Lately, high-performance DSPs are using concepts, such as execution pipelining and parallelism of operations, which were unknown to their ancestor the CPU but routine to the FPGA world. DSPs are starting to resemble FPGAs more and more, and although some fundamental differences remain, this hybridization makes it possible to use algorithms originally developed for one environment in the other.
For instance, you can use a very efficient algorithm for computing the sine for an arbitrary phase in a programmable DSP. The method is not new in itself but adapts the original ideas applied to the design of direct digital frequency synthesizer (DDFS) ICs over two decades ago.
It's important to highlight at this point a crucial difference between algorithms used to compute the sine of a random input phase and those that generate a sine wave. While a sine computation algorithm can be easily converted into a sine wave generator, by providing to its input a monotonically increasing phase sequence, it's absolutely impractical, if not impossible, to use a sine wave generator to calculate the sine of a random phase input.
We'll differentiate these algorithms as sine computation and sine generation with the understanding that a sine computation is a more general method and hence can be easily converted into the latter without significant additional complexity.

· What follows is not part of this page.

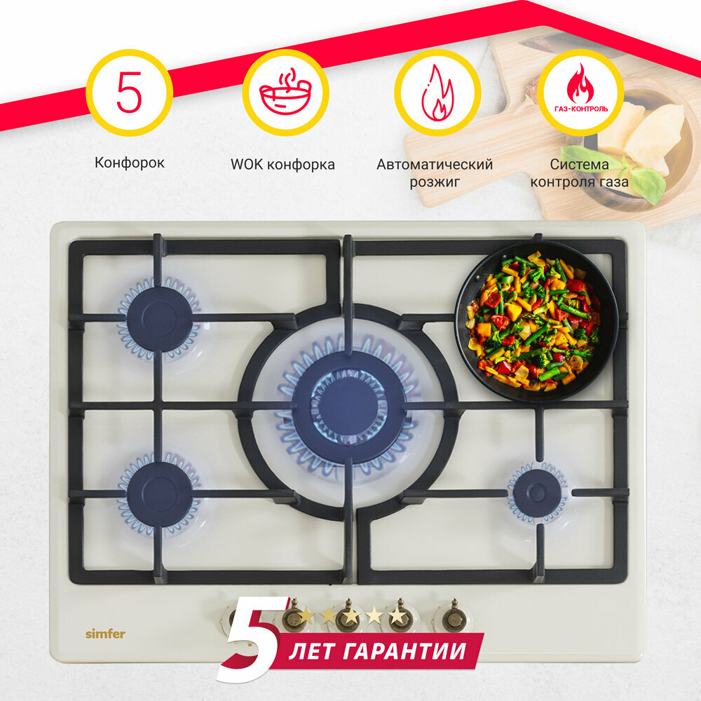 Газовая варочная панель Simfer H70W51O517 (WOK конфорка, с газконтролем) интересное:

In this article, we'll review the most common methods for the computing and generating a sine wave on a programmable DSP, as well as provide a brief introduction to direct digital frequency synthesis (DDFS). We'll then describe a new approach to DDFS based on an algorithm created by combining lookup tables and trigonometric identities. The approach lends itself well to implementation on DSPs such as the Texas Instruments' C6x.
Sine generation in a programmable DSP
Implementing a high-speed sine-wave synthesizer in a programmable DSP is hardly a trivial task; it often requires a careful trade-off between memory and implementation complexity. The problem arises because the standard algorithms used to calculate Sin(x), as well as any other transcendental function of x, are based on the Taylor series expansion of the function in question, which is a time-consuming procedure. Hence, for a given finite number of CPU cycles, only a limited number of results can be rendered in real time. Several alternative algorithms have been developed to boost the performance of the sine-wave generation. Table 1 presents some of the most popular sine generation and computation algorithms used in a DSP.